Months went by without me doing anything more. I thought I could simply fight the depression, and it would go away. I thought I just needed to be stronger. I thought I just needed to pray more and have more faith.
So I prayed. I prayed and prayed and prayed. I cried out to God from the very depths of my heart, and begged him to heal me. I begged for a miracle. There were many nights that I snuck off to the bathroom that was farthest away from the bedrooms (so my family wouldn't hear me) and just laid on the floor and cried and prayed. Then I got angry...why was He not answering me? Was He real at all? If He was real, then what was the problem? Did He not care? Oh, what a terrible time!
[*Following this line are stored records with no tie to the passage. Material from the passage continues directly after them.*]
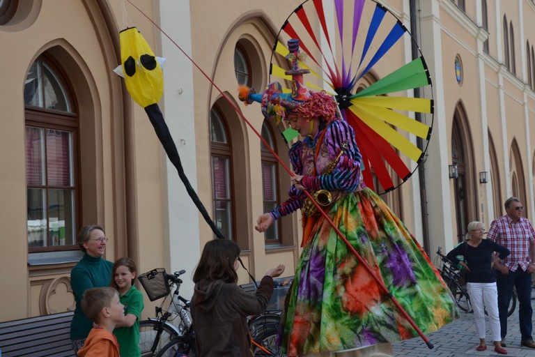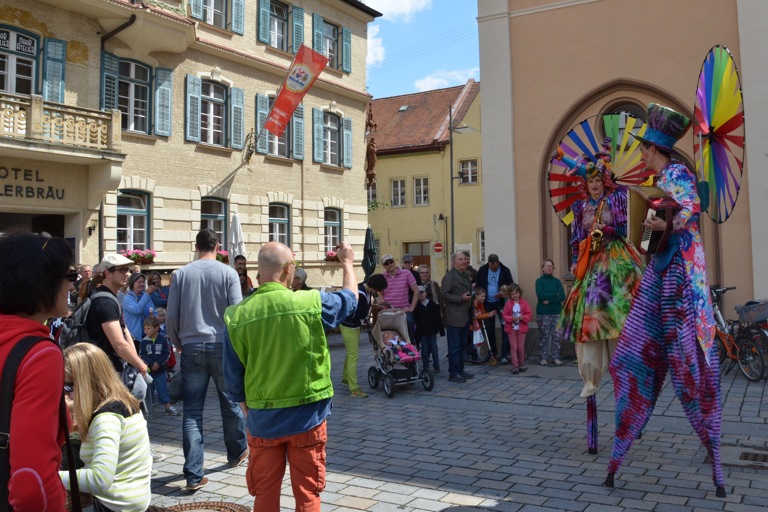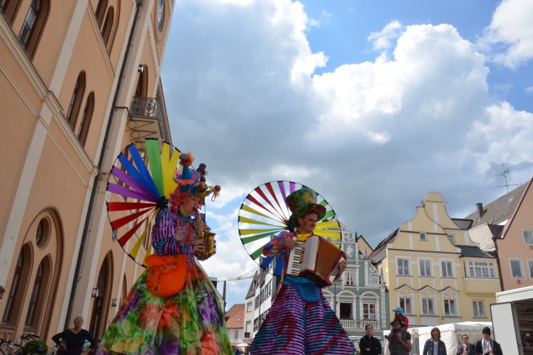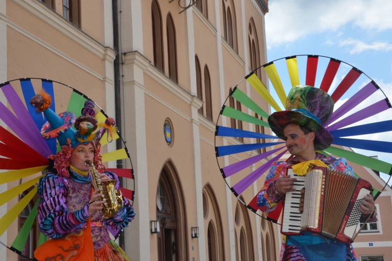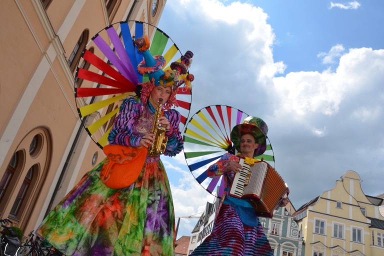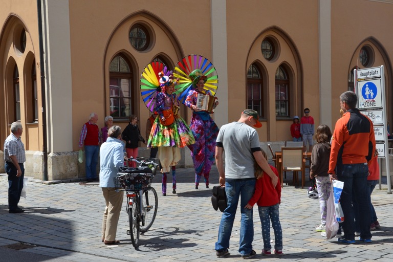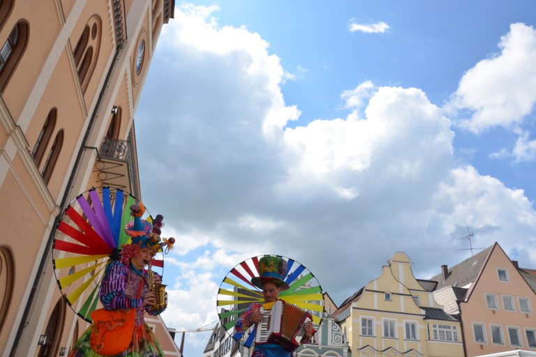 Die Stelzengeher des Rottaler Staatszirkus haben heute auf dem Pfaffenhofener Hauptplatz für gute Laune gesorgt – nicht nur bei den Kindern
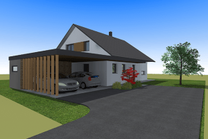 Poleg hiše je predviden tudi odprt nadstrešek za avte z manjšim zaprtim prostorom – lopo. Ta je postavljen v linijo hiše, tako da oba objekta skupaj optično zapirata in ločujeta zadnji servisni del parcele od vrtnega dela na južni strani.
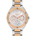 Женские наручные часы Lee Cooper LC07844.530 оснащены точным кварцевым механизмом, обеспечивающим высокую надежность и точность хода. Корпус часов изготовлен из суперметалла с неподвижным безелемБезельВнешний ободок, закрепляющий стекло. В спортивных часах так называется поворотное кольцо с делениями на циферблате, выполняет роль таймера – замеряет отрезки времени на шкале. Неподвижный безель – элемент декора. Однонаправленно вращающийся безель на дайверских часах позволяет фиксировать моменты погружения и выныривания на поверхность. с IP-покрытиемIP-покрытиеМетод ионного напыления. Демонстрирует повышенную устойчивость к истиранию, окислению и химическим веществам. Под воздействием высокого давления и температуры около 1500°C молекулы металла надёжно соединяются с частицами корпуса часов., что гарантирует долговечность и устойчивость к повреждениям. Три субдисплея отображают дату, день недели и 24-часовой формат времени, что добавляет функциональности и практичности. Для защиты циферблата используется минеральное стеклоМинеральное стеклоМинеральное стекло представляет собой искусственно выращенный минерал кварца. Такое стекло отличается особой устойчивостью к повреждениям и царапинам. Уступает по некоторым качествам сапфировому стеклу., устойчивое к царапинам и механическим повреждениям. Интегрированный браслет изготовлен из нержавеющей стали с IP-покрытиемIP-покрытиеМетод ионного напыления. Демонстрирует повышенную устойчивость к истиранию, окислению и химическим веществам. Под воздействием высокого давления и температуры около 1500°C молекулы металла надёжно соединяются с частицами корпуса часов., которая славится своей долговечностью и возможностью полировки. Метки покрыты люминесцентным покрытиемЛюминесцентное покрытиеПозволяет считывать показания времени в темноте. Производители наносят на стрелки, часовые индексы, безель или поверхность циферблата светонакопительный состав, дающий холодное свечение., обеспечивающим отличную читаемость в темноте. Браслет гармонично дополняет дизайн часов и обеспечивает комфортное ношение в течение дня благодаря раскладной застёжкеРаскладная застёжкаТакой тип застёжки используется только на браслетах из металла. Она никогда не раскрывается полностью, происходит разделение на 2 и более частей. Раскладывающая застёжка снизит вероятность потери часов к минимуму.. Эти часы сочетают в себе стиль и функциональность, что делает их универсальным аксессуаром, подходящим к любому образу. Модель станет прекрасным подарком. Часы обладают водонепроницаемостью до 50 метров (5 АТМ), что позволяет использовать их в повседневной жизни, включая контакт с водой при мытье рук или дожде.

I finally realized that I was not getting better. Even worse, I was missing my daughter's babyhood. I still grieve that lost time to this day.
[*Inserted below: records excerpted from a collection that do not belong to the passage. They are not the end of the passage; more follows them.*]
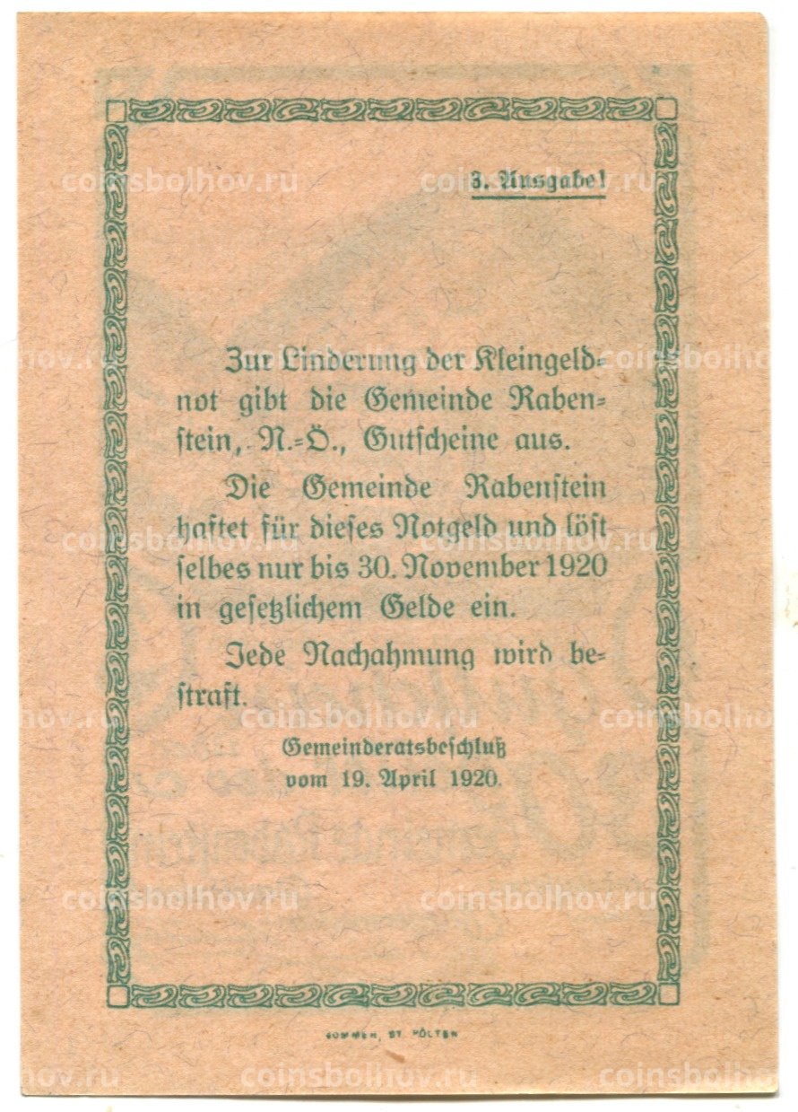 30 геллеров 1920 года Австрия — Рабенштайн (нотгельд)
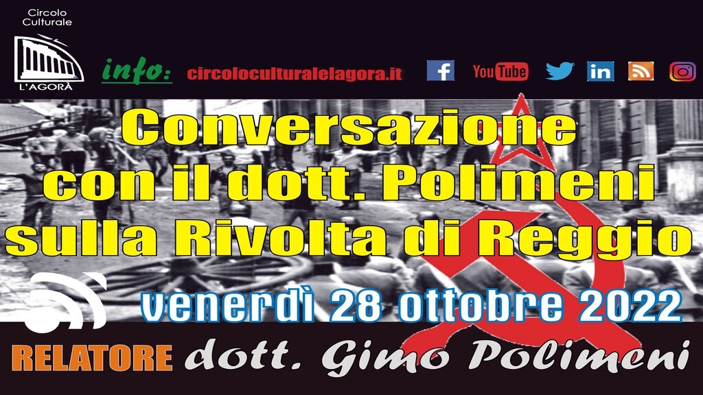 "Conversazione con il dott. Polimeni sulla Rivolta di Reggio” è il titolo della nuova conversazione sui Moti di Reggio Calabria del 1970. Nel corso del colloquio saranno stati affrontati diversi aspetti sia per quanto riguarda ciò che accadde a Reggio in quei frangenti storici ed anche le vicissitudini che la Città vive in questi momenti. Girolamo Polimeni è stato Assessore presso il Comune di Reggio Calabria per 6 anni con delega nei settori della cultura, del turismo e della promozione dell’immagine della città. Tenuto conto dei protocolli di sicurezza anti-contagio e dei risultati altalenanti della pandemia di COVID 19 e nel rispetto delle norme del DPCM del 24 ottobre 2020 la conversazione sarà disponibile, sulle varie piattaforme Social Network presenti nella rete, a far data da venerdì 28 ottobre.
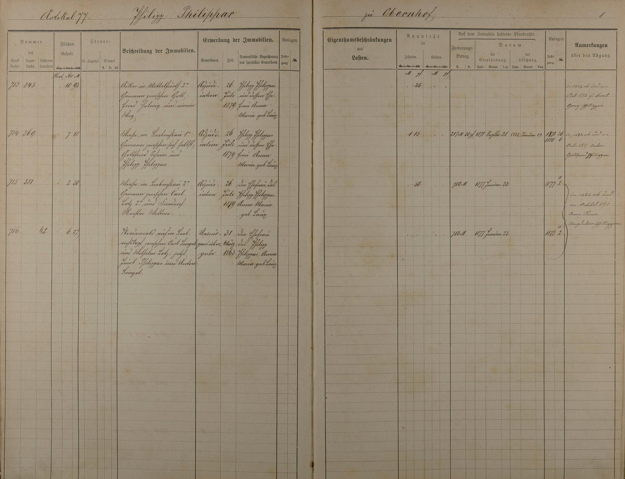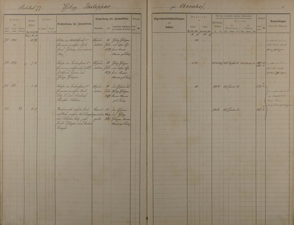 Stockbuch Artikel 74 - 223 - Besitzer P - Z aus Obernhof und Orte A -außerhalb

I went to our family doctor (it was my OB/GYN that I went to first). That wonderful man sat and talked with me for over an hour! I can only imagine how furious the rest of his patients were! But he talked through everything with me. I finally decided to start taking the antidepressant he recommended. What relief!
I felt "superficial" results within days (the anxiety and impatience). It took several more weeks to feel the "deeper" results (that gut wrenching pain and apathy). But those too went away.
There is one day, in particular, that I remember very clearly. It was a sunny day, and I remember thinking that it was the first bright day that I'd seen in months. The truth was that the greyness...the gloominess that had been covering me was finally lifted. And on that day, my son did something silly an I laughed. The sound of my own laugh startled me so much that I jumped and looked behind me to see what was making the sound! It had been a while since I had really laughed.
But I still had to make peace with the fact that I felt abandoned by God. Where was He in my time of suffering? I finally came to the realization that, simply put, everyone suffers. Even Christians. I am a precious child of God, but I am also a member of this fallen world. God doesn't promise a pain free life. I will feel pain in this lifetime, but I am not alone in my suffering. Jesus himself was sitting there with me as I lay crying on my bathroom floor. And I have hope that my suffering is not for nothing. God will bring good out of my suffering. And the truth is that I felt the Lord's presence so clearly during some of those rough times that it seemed that if I could just look quickly enough over my right shoulder, that I'd be able to see Him. His presence was that real. In a strange way, I miss those time for how close He felt.
I still take medication for depression. I still wish I didn't have to, but mostly I'm just thankful that the stuff is available! Maybe, after I wean my son, I'll work with my doctor to also wean myself off the meds. Maybe I won't . Maybe I'll be on them for the rest of my life, just as a diabetic has to take medication for their illness. I should say this too...I feel like ME on this medication. I don't feel numb or happy all the time. I feel like me. I still cry and get frustrated and angry...it's just not debilitating anymore.
So, that's my story. If you're reading this sentence, then I assume that you've actually read this excruciatingly loooong post! You must have read it because you can relate (in which case, I hope this was a help to you), or it's because you have someone in your life that this post reminds you of (again, I hope this helped), or it's because you must care about me (in which case...thank you!).